Search the material for the word "with" and report each line where it turns up.
::::
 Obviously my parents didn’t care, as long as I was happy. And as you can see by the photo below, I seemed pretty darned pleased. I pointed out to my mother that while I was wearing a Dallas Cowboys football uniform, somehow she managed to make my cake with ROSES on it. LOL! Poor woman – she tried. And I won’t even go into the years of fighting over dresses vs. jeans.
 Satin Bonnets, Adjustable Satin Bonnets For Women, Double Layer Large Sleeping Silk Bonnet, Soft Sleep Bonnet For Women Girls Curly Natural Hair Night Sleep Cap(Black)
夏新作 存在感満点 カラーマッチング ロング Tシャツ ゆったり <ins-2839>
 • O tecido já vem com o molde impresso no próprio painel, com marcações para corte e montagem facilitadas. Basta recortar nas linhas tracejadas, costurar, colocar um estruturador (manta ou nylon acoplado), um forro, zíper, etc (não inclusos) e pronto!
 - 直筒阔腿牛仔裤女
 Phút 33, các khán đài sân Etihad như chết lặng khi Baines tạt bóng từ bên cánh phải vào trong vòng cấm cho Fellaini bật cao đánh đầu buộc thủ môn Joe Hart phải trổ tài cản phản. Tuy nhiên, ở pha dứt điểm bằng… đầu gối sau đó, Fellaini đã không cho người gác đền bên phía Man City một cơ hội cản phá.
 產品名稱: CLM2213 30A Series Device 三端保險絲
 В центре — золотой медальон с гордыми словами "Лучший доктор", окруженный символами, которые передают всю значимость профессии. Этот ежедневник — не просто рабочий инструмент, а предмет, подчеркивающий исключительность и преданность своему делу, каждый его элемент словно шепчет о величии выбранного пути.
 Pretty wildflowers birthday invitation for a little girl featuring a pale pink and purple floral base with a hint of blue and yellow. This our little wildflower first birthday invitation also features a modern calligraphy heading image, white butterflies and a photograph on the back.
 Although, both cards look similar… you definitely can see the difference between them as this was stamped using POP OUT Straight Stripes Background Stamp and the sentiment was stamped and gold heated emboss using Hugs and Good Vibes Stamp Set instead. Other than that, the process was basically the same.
::::
(RESPONSE TO THIS EXERCISE)
 Obviously my parents didn’t care, as long as I was happy. And as you can see by the photo below, I seemed pretty darned pleased. I pointed out to my mother that while I was wearing a Dallas Cowboys football uniform, somehow she managed to make my cake with ROSES on it. LOL! Poor woman – she tried. And I won’t even go into the years of fighting over dresses vs. jeans.
 Pretty wildflowers birthday invitation for a little girl featuring a pale pink and purple floral base with a hint of blue and yellow. This our little wildflower first birthday invitation also features a modern calligraphy heading image, white butterflies and a photograph on the back.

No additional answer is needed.